One of the earliest campaign settings, and created by D&D co-founder Gary Gygax, Greyhawk dates back to the early 1970s in Gygax's home games, receiving a short official setting book in 1980. Gyeyhawk was selected as the example setting because it is able to hit all the key notes of D&D while being concise and short.
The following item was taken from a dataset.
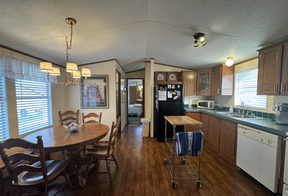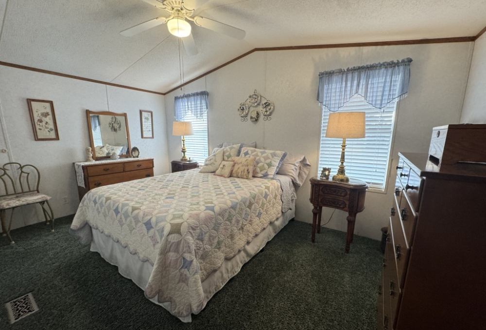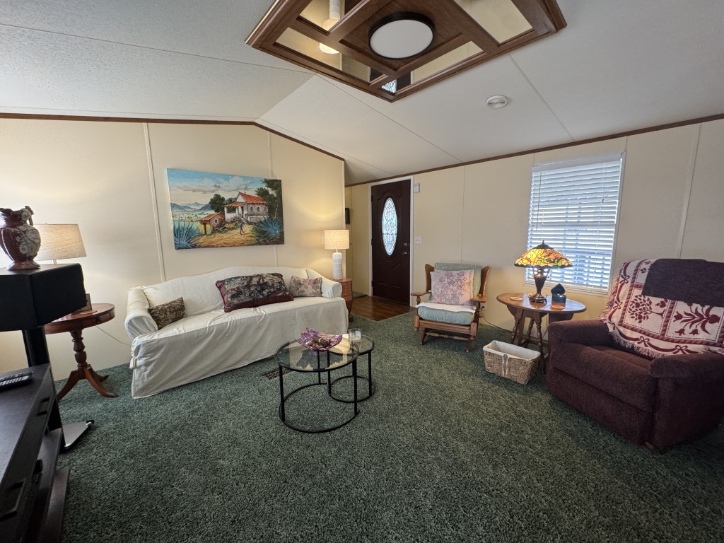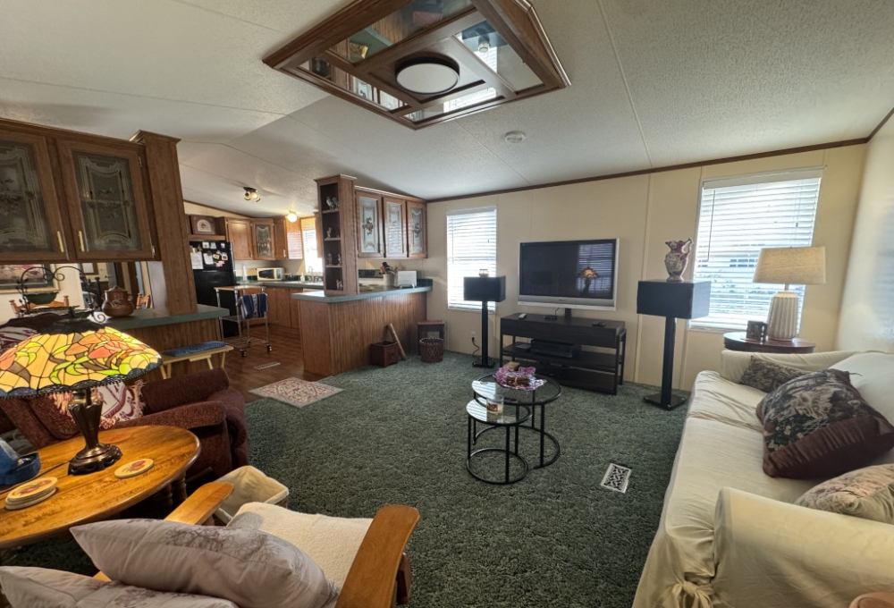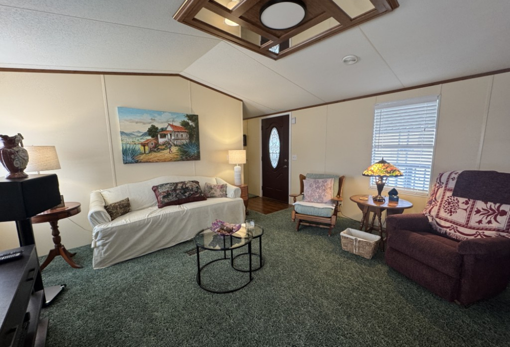 This 2000 Palm Harbor Riverbend manufactured residence (16x76) features three bedrooms, two bathrooms, and approximately 1,216 square feet thoughtfully designed for both comfort and practicality. The home is freshly painted, fully furnished, and utilizes all-electric systems. Flooring is carpeted throughout except for the kitchen.

The setting has been largely absent from D&D--aside from a few shorter adventures--since 2008. Some key points from the video--
  • Greyhawk deliberately leaves a lot for the DM to fill in, with a 30-page chapter.
  • Greyhawk created many of the tropes of D&D, and feels very 'straight down the fairway' D&D.
  • This is the world where many iconic D&D magic items, NPCs, etc. came from--Mordenkainen, Bigby, Tasha, Otiluke and so on.
  • The DMG starts with the City of Greyhawk and its surroundings in some detail, and gets more vague as you get farther away.
  • The city is an example of a 'campaign hub'.
  • The sample adventures in Chapter 4 of the DMG are set there or nearby.
  • The map is an updated version, mainly faithful to the original with some tweaks.
  • The map has some added locations key to D&D's history--such as White Plume Mountain, the Tomb of Horrors, Lost Caverns of Tsojcanth, Ghost Tower of Inverness.
  • There's a map of the city, descriptions of places characters might visit--magic item shop, library, 3 taverns, temples, etc.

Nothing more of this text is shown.